»»

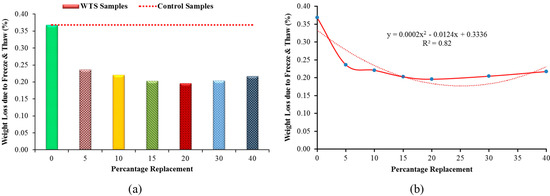 The freeze and thaw durability of bricks is influenced by the interaction of used materials and climatic conditions. During the freeze–thaw cycle, the water present in pores freezes and tends to expand. As a result of this expansion, damage to the brick is occurs if the volume of the pores that are expanding is more than the volume of the pores that it is contained within. The experimental outcomes of the weight loss of brick specimens with different dosages of WTS due to freeze and thaw cycles are shown in Figure 15a. It is indicated that the percentage of weight loss decreases with an increase in the percentage of WTS. For all the samples, the percentage of weight loss was less than one. No cracking was observed in any specimen after 50 freeze and thaw cycles. All the brick specimens showed that weight loss was under the ASTM C67 range of 3%. A specimen may be considered a failure if weight loss increments by 3% or it cracks during the freeze and thaw cycle in accordance with ASTM C67. Damage due to freeze and thaw is dependent upon the porosity of the brick specimen. High pore volume specimens exhibited higher stresses, leading to the decreased durability-related properties of the brick.
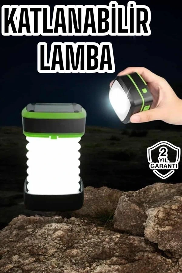 • Katlanabilir Kamp Lambası Solar Fener Görünümlü 3 Kademeli Şarjlı
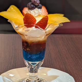 碧から紫へと重なる、印象的な色合いのパフェ。福島産ブルーベリーのジュレ、ぶどうのシャーベット、瑞々しい天津桃を重ね、色と味わいが響き合うプリンパフェに仕立てました。いちごと黄桃のコンポートを添え、福島自慢のフルーツと果汁の魅力を一杯に。グラスの中に広がる、絵画のような彩りをぜひご賞味ください。
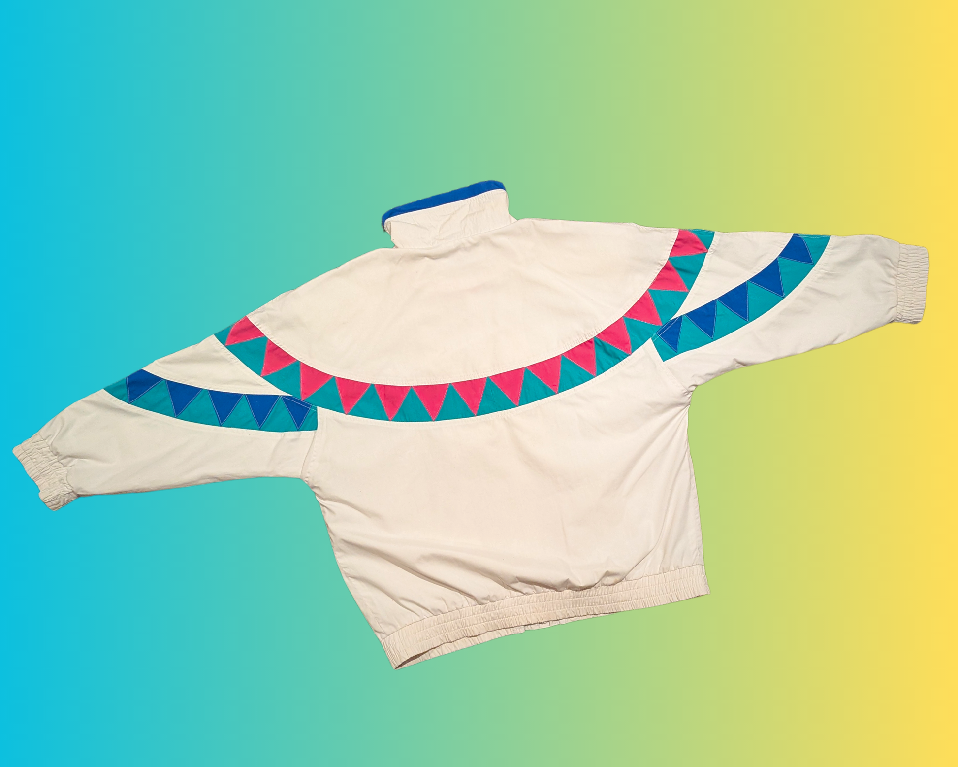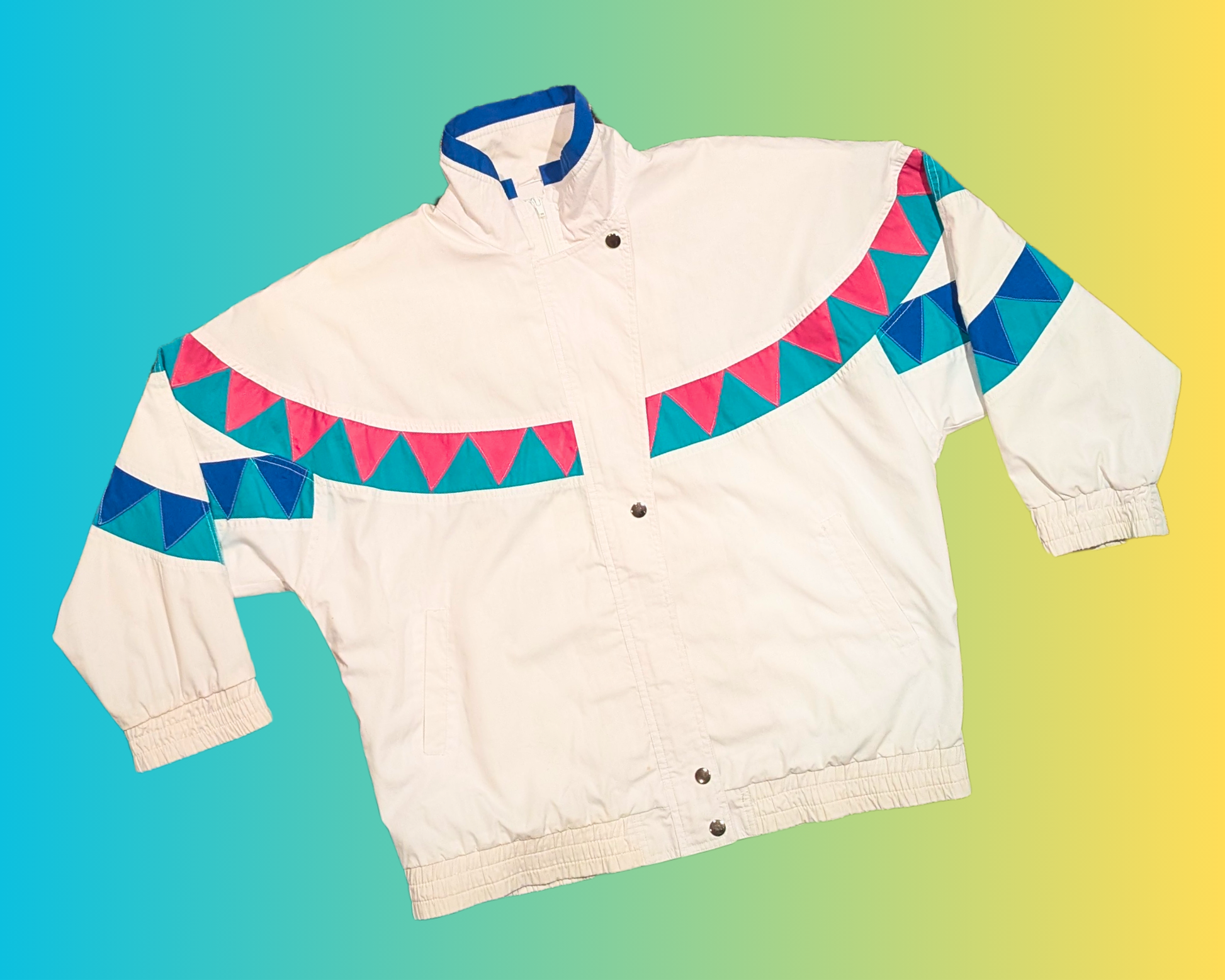 • Vintage 1980's White, Pink and Turquoise Funky Light Jacket Size M
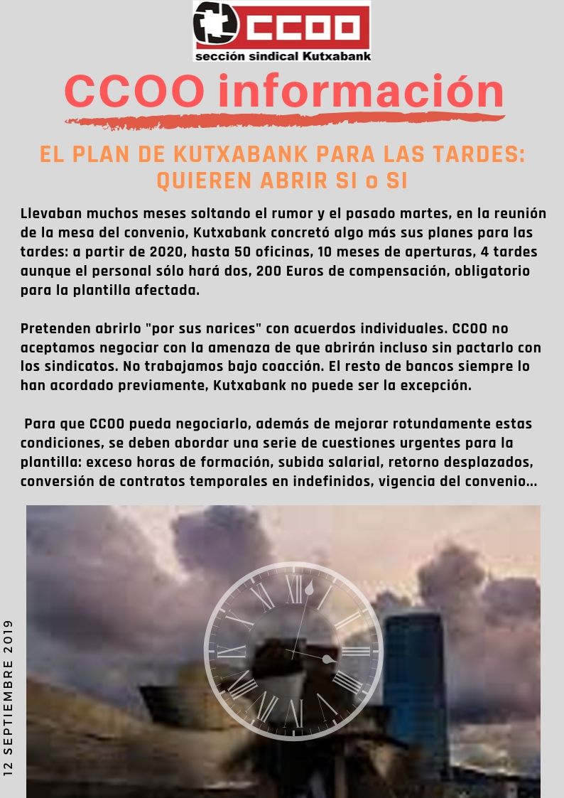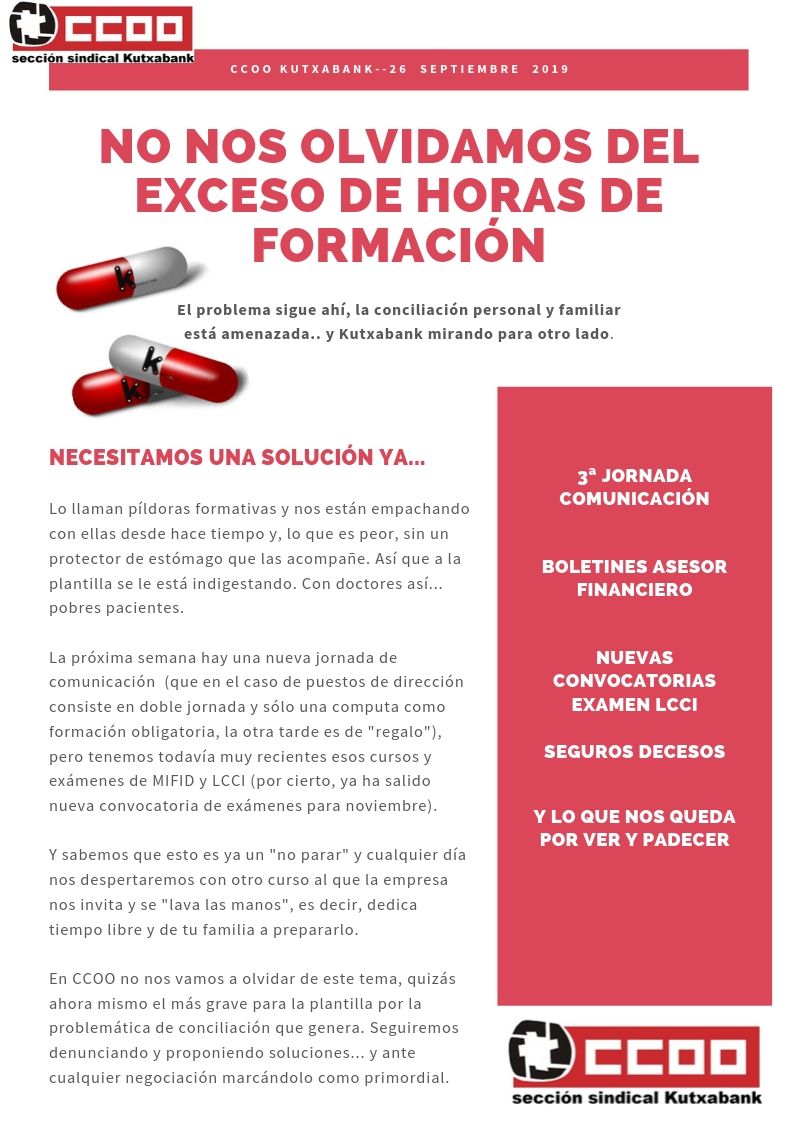 Más horas de formación; el gran problema de la plantilla lejos de solucionarse continúa suponiendo la gran amenaza para la conciliación personal y familiar exigiendo un gran esfuerzo.Sin duda una cuestión que debe solucionarse ya porque sigue causando graves quebraderos de cabeza a las personas que trabajamos en Kutxabank.

««

■ ASSIGNMENT:
Everything between and including the line above containing "3 Kademeli Şarjlı" and the line containing "Jacket Size M" should be reproduced exactly, with pictures excluded.

■ ANSWER SECTION:
 • Katlanabilir Kamp Lambası Solar Fener Görünümlü 3 Kademeli Şarjlı
 碧から紫へと重なる、印象的な色合いのパフェ。福島産ブルーベリーのジュレ、ぶどうのシャーベット、瑞々しい天津桃を重ね、色と味わいが響き合うプリンパフェに仕立てました。いちごと黄桃のコンポートを添え、福島自慢のフルーツと果汁の魅力を一杯に。グラスの中に広がる、絵画のような彩りをぜひご賞味ください。
 • Vintage 1980's White, Pink and Turquoise Funky Light Jacket Size M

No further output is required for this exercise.